> **Directions for this task**:
Word for word, restate the listing; omit the pictures.

# # # # # # #

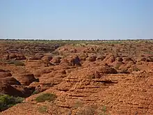 Three walks exist at Kings Canyon. The two km (return) and approximately one-hour Kings Creek Walk traces the bottom of the gorge. At the end of the walk is a platform, with views of the canyon walls above. The six km (loop) Kings Canyon Rim Walk traces the top of the canyon and takes three to four hours to complete.[6] A steep climb at the beginning of the walk, which locals call "Heartbreak Hill" (or "Heart Attack Hill", due to its steepness), takes visitors up to the top, with views of the gorge below and of the surrounding landscape. About half way during the walk, a detour descends to the Garden of Eden, a permanent waterhole surrounded by plant life. The last half of the walk passes through a maze of weathered sandstone domes, reminiscent of the Bungle Bungle. A slow descent brings the visitor back to the starting point. The loop can also be done in reverse (anti-clockwise), but the National Park Rangers encourage visitors to walk in one direction. Access to the walk may be restricted during hot weather.[7] The 22 km Giles Track connects Kings Canyon to Kathleen Springs and is popular with more adventurous hikers.
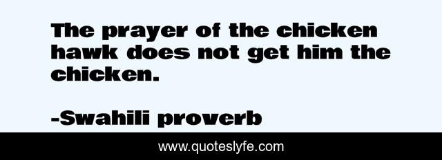 This page presents the quote "The prayer of the chicken hawk does not get him the chicken.". Author of this quote is Swahili proverb. .
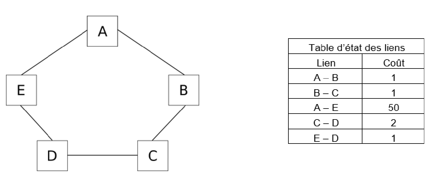 On considère le réseau représenté par le graphe ci-dessous et la table d’état des liens commune à tous les routeurs à un instant donné.
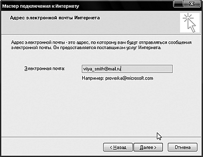 2. В следующем окне Адрес электронной почти Интернета (рис. 2.31) тоже содержится всего одно поле – Электронная почта. Введите в нем ваш уже существующий адрес и нажмите кнопку Далее.
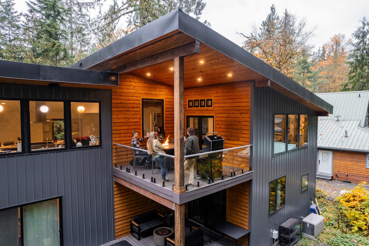 Modern luxury cabin 30 mins to Mt. Baker Ski Area. Designed for families & small groups with 3 king suites, spa-style baths, and a stunning fireplace. Unwind in the hot tub or cold plunge after skiing or hiking. Chef’s kitchen, fast Wi-Fi, workspace, EV charger, and sunny forest deck. Private, peaceful, and easy—perfect for mountain getaways year-round.
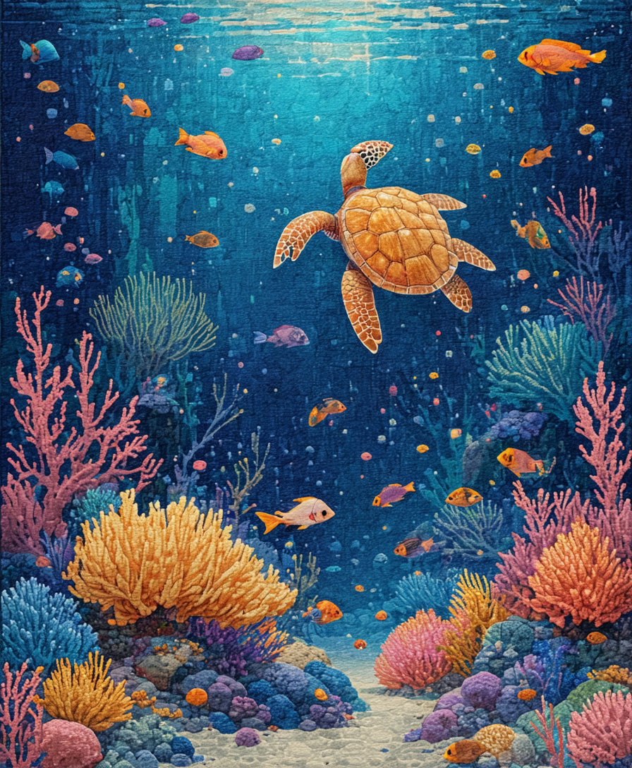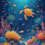 Exotic Ocean Ecosystem With Majestic Turtles Exploring Vivid Coral Garden(Blue)
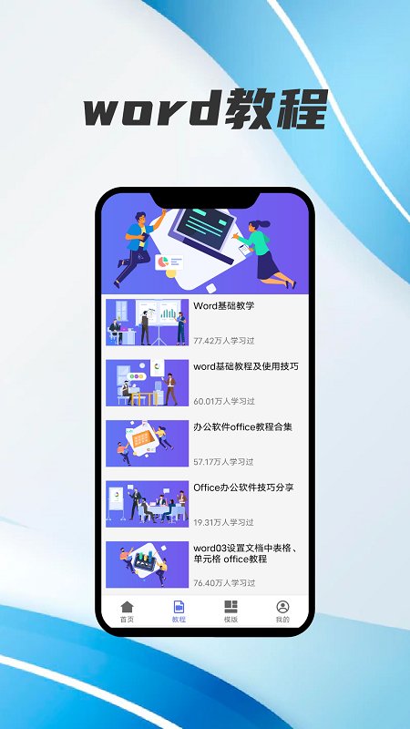 支持word文档编辑,包括文本输入,表格插入,图片插入,各类格式调整,让您迅速掌握word办公互助文档软件的方方面面。内容来自权威网站,精心编排,视频教程,图文并貌,初级到高级内容全面,有各种建立模板供参考,让您轻松面对职场,是办公学习必备的软件!
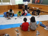 体育の時間では,ダンスとバルーンを使って演技をする練習を行い,図工の時間で,子どもたちが考えた最後に見せるお楽しみ演出の準備を行いました。

# # # # # # #

> **Response to the exercise**:
 Three walks exist at Kings Canyon. The two km (return) and approximately one-hour Kings Creek Walk traces the bottom of the gorge. At the end of the walk is a platform, with views of the canyon walls above. The six km (loop) Kings Canyon Rim Walk traces the top of the canyon and takes three to four hours to complete.[6] A steep climb at the beginning of the walk, which locals call "Heartbreak Hill" (or "Heart Attack Hill", due to its steepness), takes visitors up to the top, with views of the gorge below and of the surrounding landscape. About half way during the walk, a detour descends to the Garden of Eden, a permanent waterhole surrounded by plant life. The last half of the walk passes through a maze of weathered sandstone domes, reminiscent of the Bungle Bungle. A slow descent brings the visitor back to the starting point. The loop can also be done in reverse (anti-clockwise), but the National Park Rangers encourage visitors to walk in one direction. Access to the walk may be restricted during hot weather.[7] The 22 km Giles Track connects Kings Canyon to Kathleen Springs and is popular with more adventurous hikers.
 This page presents the quote "The prayer of the chicken hawk does not get him the chicken.". Author of this quote is Swahili proverb. .
 On considère le réseau représenté par le graphe ci-dessous et la table d’état des liens commune à tous les routeurs à un instant donné.
 2. В следующем окне Адрес электронной почти Интернета (рис. 2.31) тоже содержится всего одно поле – Электронная почта. Введите в нем ваш уже существующий адрес и нажмите кнопку Далее.
 Modern luxury cabin 30 mins to Mt. Baker Ski Area. Designed for families & small groups with 3 king suites, spa-style baths, and a stunning fireplace. Unwind in the hot tub or cold plunge after skiing or hiking. Chef’s kitchen, fast Wi-Fi, workspace, EV charger, and sunny forest deck. Private, peaceful, and easy—perfect for mountain getaways year-round.
 Exotic Ocean Ecosystem With Majestic Turtles Exploring Vivid Coral Garden(Blue)
 支持word文档编辑,包括文本输入,表格插入,图片插入,各类格式调整,让您迅速掌握word办公互助文档软件的方方面面。内容来自权威网站,精心编排,视频教程,图文并貌,初级到高级内容全面,有各种建立模板供参考,让您轻松面对职场,是办公学习必备的软件!
 体育の時間では,ダンスとバルーンを使って演技をする練習を行い,図工の時間で,子どもたちが考えた最後に見せるお楽しみ演出の準備を行いました。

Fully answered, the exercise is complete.